#### PROBLEM TO WORK ON:
Print every record exactly, but leave out the pictures.

[Collected data]
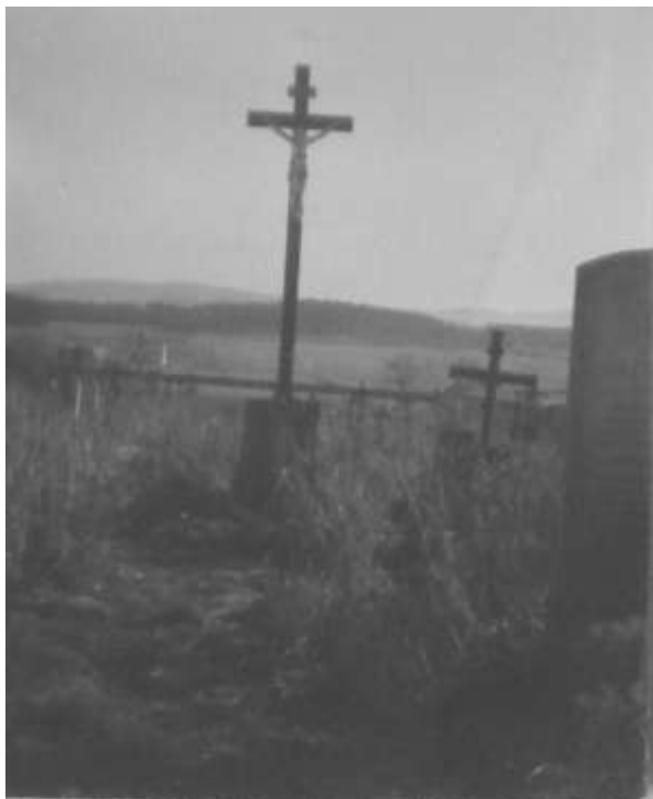
Opuštěný hřbitov po roce 1945

První osídlenci z roku 1945 a 1946, z nichž ještě několik dodnes žije v obci, rádi vzpomínají na krásnou, čistou a po všech stránkách upravenou obec, kdy do ní přišli, na krásné a výstavné budovy se zahrádkami pod okny, na upravené náměstíčko se zeleným trávníkem, na zámožnost a bohatství obce.
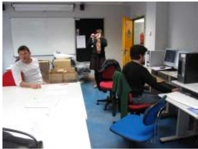
Aula de Producción
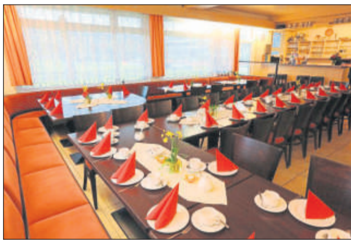
Bitte Platz zu nehmen - es wird gleich angerichtet.

Vereinsgaststätte „An der Wieslauf“ Lauswiesen 2 73614 Schorndorf-Haubersbronn Tel: 07181 486785 Fax: 07181 990639 E-mail: ghwieslauf@yahoo.de
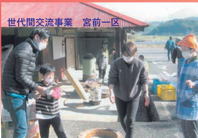
世代間交流事業 宮前一区
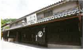
5 楠戸(くすど)家住宅
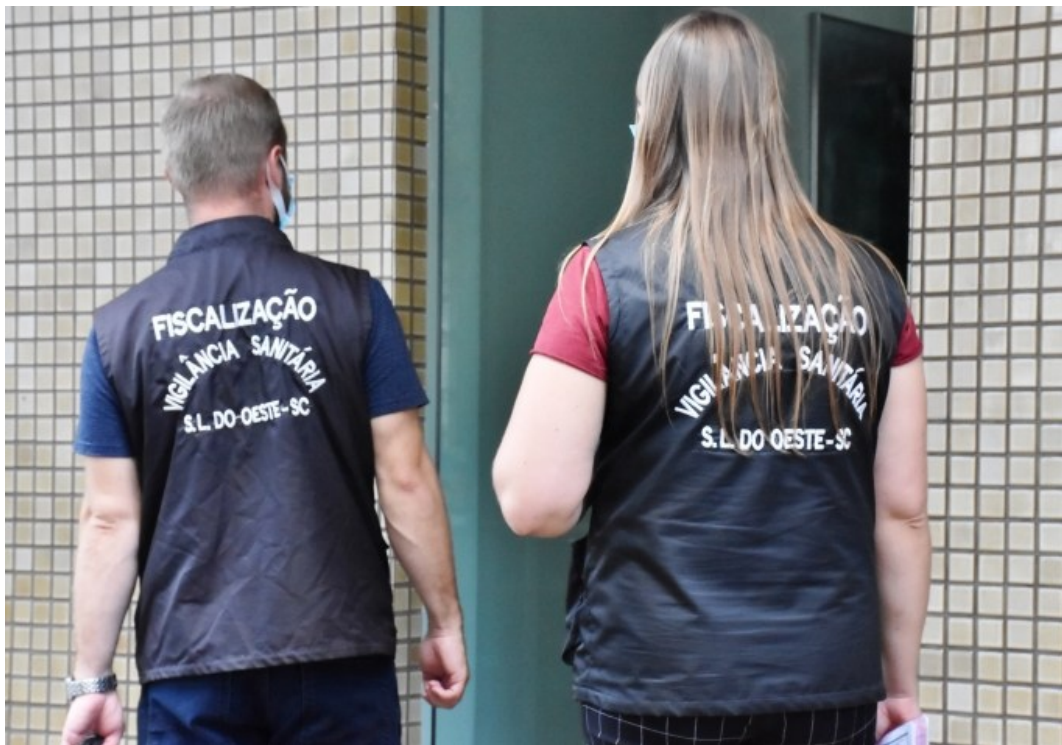
Figura 280: Profissionais da Vigilância Sanitária em fiscalização a estabelecimentos

As forças de segurança atenderam aos decretos estaduais e fizeram os procedimentos necessários, com interdição e autuações formalizados pela Vigilância Sanitária de São Lourenço do Oeste. Esta ação foi executada durante todo o período de carnaval.
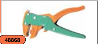
Щипцы для резки и зачистки проводов V1505
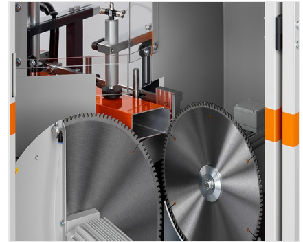
Scie à gruger AKS V-550
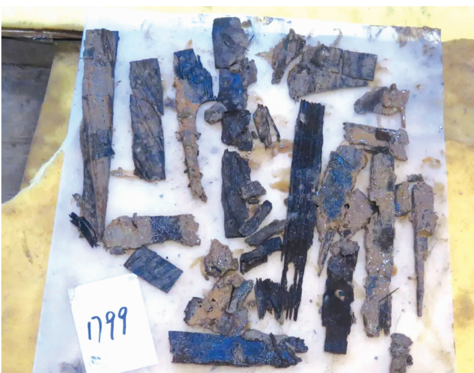
墓中刚出土的残牍

其中一枚木牍上的文字为“愿下公卿博士议制曰下丞相博士中二=千=石=臣吉臣望之臣昌臣……”(注:“=”为重文号)。这里的“制”代表皇帝,“制曰下某官”是皇帝批示的一种程式。木牍的大致意思是:汉宣帝下诏书给丞相和博士
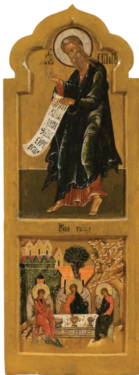
27. Пророк Иеремия. Святая Троица Дерево, темпера. 106×39,5
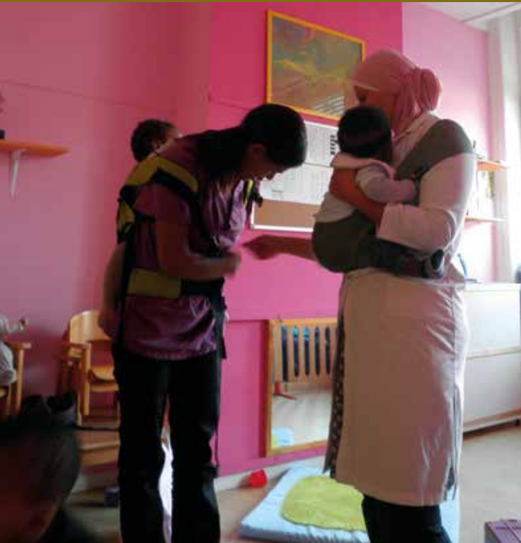
Formation de l'équipe des Amis d'Aladdin au portage en pagne.

ces enjeux que nous questionnons de façon permanente à travers notre pratique de la neutralité inclusive.

#### SOLUTION BELOW:
Opuštěný hřbitov po roce 1945

První osídlenci z roku 1945 a 1946, z nichž ještě několik dodnes žije v obci, rádi vzpomínají na krásnou, čistou a po všech stránkách upravenou obec, kdy do ní přišli, na krásné a výstavné budovy se zahrádkami pod okny, na upravené náměstíčko se zeleným trávníkem, na zámožnost a bohatství obce.
Aula de Producción
Bitte Platz zu nehmen - es wird gleich angerichtet.

Vereinsgaststätte „An der Wieslauf“ Lauswiesen 2 73614 Schorndorf-Haubersbronn Tel: 07181 486785 Fax: 07181 990639 E-mail: ghwieslauf@yahoo.de
世代間交流事業 宮前一区
5 楠戸(くすど)家住宅
Figura 280: Profissionais da Vigilância Sanitária em fiscalização a estabelecimentos

As forças de segurança atenderam aos decretos estaduais e fizeram os procedimentos necessários, com interdição e autuações formalizados pela Vigilância Sanitária de São Lourenço do Oeste. Esta ação foi executada durante todo o período de carnaval.
Щипцы для резки и зачистки проводов V1505
Scie à gruger AKS V-550
墓中刚出土的残牍

其中一枚木牍上的文字为“愿下公卿博士议制曰下丞相博士中二=千=石=臣吉臣望之臣昌臣……”(注:“=”为重文号)。这里的“制”代表皇帝,“制曰下某官”是皇帝批示的一种程式。木牍的大致意思是:汉宣帝下诏书给丞相和博士
27. Пророк Иеремия. Святая Троица Дерево, темпера. 106×39,5
Formation de l'équipe des Amis d'Aladdin au portage en pagne.

ces enjeux que nous questionnons de façon permanente à travers notre pratique de la neutralité inclusive.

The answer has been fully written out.